Your task is to repeat all of the data exactly while excluding the pictures.

PROVIDED MATERIAL:
*** Begin section ***
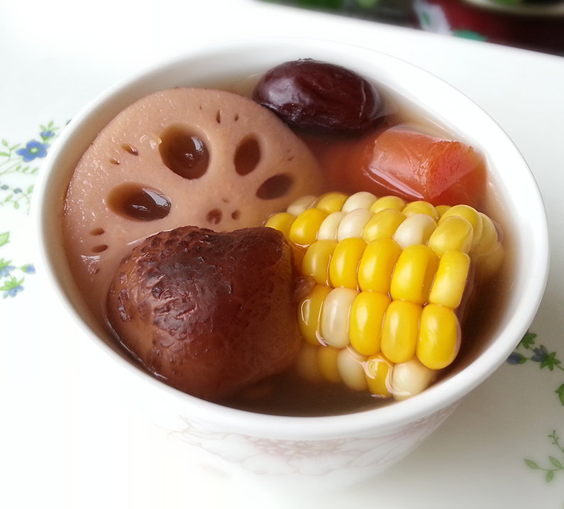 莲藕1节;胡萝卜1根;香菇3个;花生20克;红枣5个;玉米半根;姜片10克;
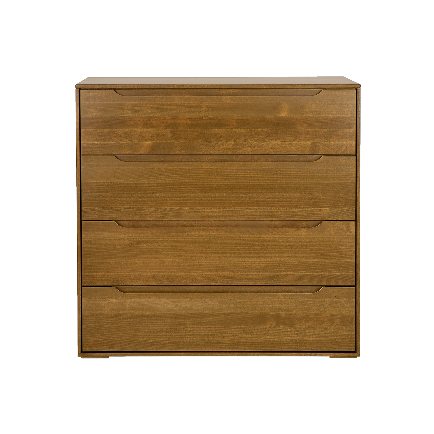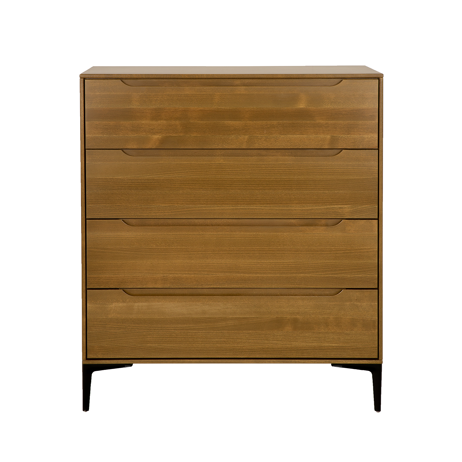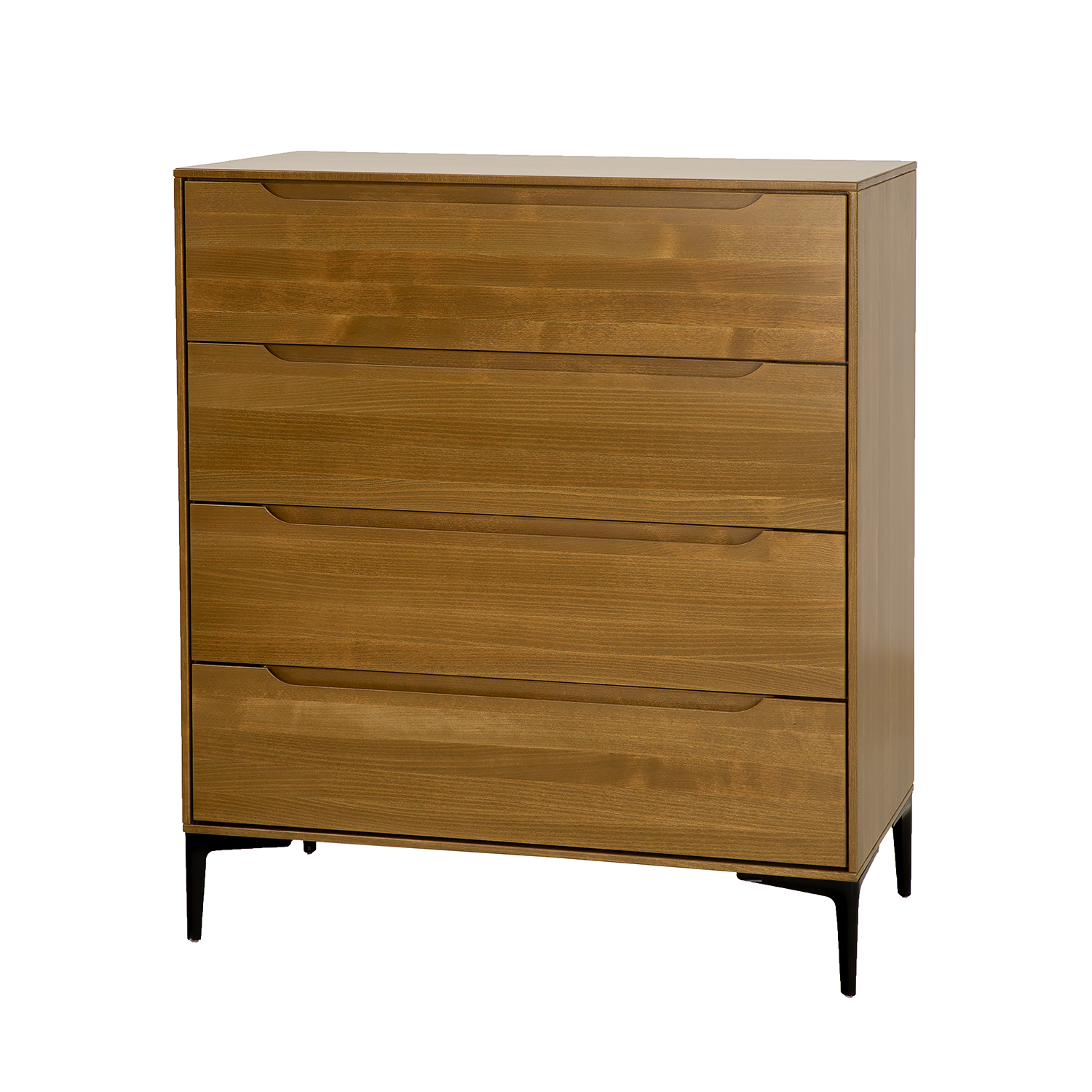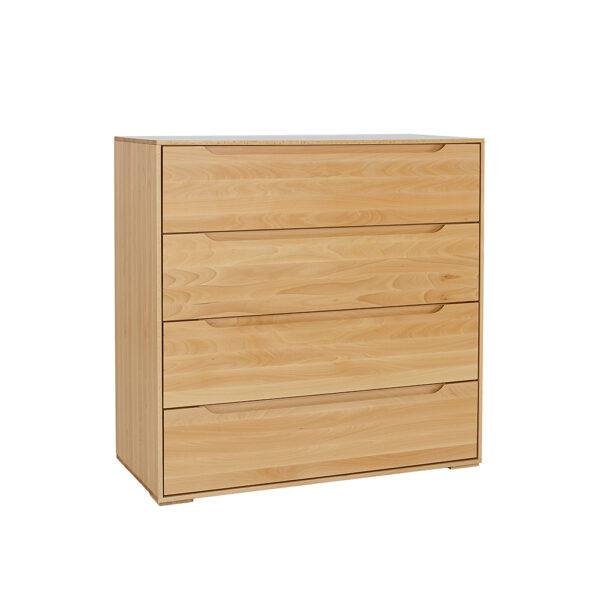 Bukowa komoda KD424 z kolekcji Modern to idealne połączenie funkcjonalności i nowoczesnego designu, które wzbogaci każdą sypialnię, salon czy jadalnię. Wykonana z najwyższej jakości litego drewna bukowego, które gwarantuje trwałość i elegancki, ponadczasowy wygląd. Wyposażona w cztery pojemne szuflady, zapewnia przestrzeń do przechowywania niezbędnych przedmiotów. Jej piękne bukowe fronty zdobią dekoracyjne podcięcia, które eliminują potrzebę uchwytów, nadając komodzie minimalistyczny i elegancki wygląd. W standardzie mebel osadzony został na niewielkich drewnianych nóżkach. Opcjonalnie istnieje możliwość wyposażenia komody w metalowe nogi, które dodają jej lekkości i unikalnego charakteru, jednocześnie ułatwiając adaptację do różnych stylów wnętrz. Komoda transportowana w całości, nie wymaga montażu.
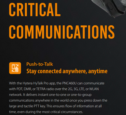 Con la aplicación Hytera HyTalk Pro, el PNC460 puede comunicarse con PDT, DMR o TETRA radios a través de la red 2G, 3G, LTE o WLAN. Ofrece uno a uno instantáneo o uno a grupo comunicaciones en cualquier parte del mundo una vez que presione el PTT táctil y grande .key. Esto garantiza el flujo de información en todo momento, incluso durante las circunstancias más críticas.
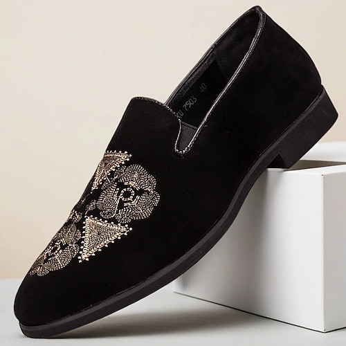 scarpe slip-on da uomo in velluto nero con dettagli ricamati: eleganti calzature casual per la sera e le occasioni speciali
*** End section ***
RESULT OF THE EXERCISE:
 莲藕1节;胡萝卜1根;香菇3个;花生20克;红枣5个;玉米半根;姜片10克;
 Bukowa komoda KD424 z kolekcji Modern to idealne połączenie funkcjonalności i nowoczesnego designu, które wzbogaci każdą sypialnię, salon czy jadalnię. Wykonana z najwyższej jakości litego drewna bukowego, które gwarantuje trwałość i elegancki, ponadczasowy wygląd. Wyposażona w cztery pojemne szuflady, zapewnia przestrzeń do przechowywania niezbędnych przedmiotów. Jej piękne bukowe fronty zdobią dekoracyjne podcięcia, które eliminują potrzebę uchwytów, nadając komodzie minimalistyczny i elegancki wygląd. W standardzie mebel osadzony został na niewielkich drewnianych nóżkach. Opcjonalnie istnieje możliwość wyposażenia komody w metalowe nogi, które dodają jej lekkości i unikalnego charakteru, jednocześnie ułatwiając adaptację do różnych stylów wnętrz. Komoda transportowana w całości, nie wymaga montażu.
 Con la aplicación Hytera HyTalk Pro, el PNC460 puede comunicarse con PDT, DMR o TETRA radios a través de la red 2G, 3G, LTE o WLAN. Ofrece uno a uno instantáneo o uno a grupo comunicaciones en cualquier parte del mundo una vez que presione el PTT táctil y grande .key. Esto garantiza el flujo de información en todo momento, incluso durante las circunstancias más críticas.
 scarpe slip-on da uomo in velluto nero con dettagli ricamati: eleganti calzature casual per la sera e le occasioni speciali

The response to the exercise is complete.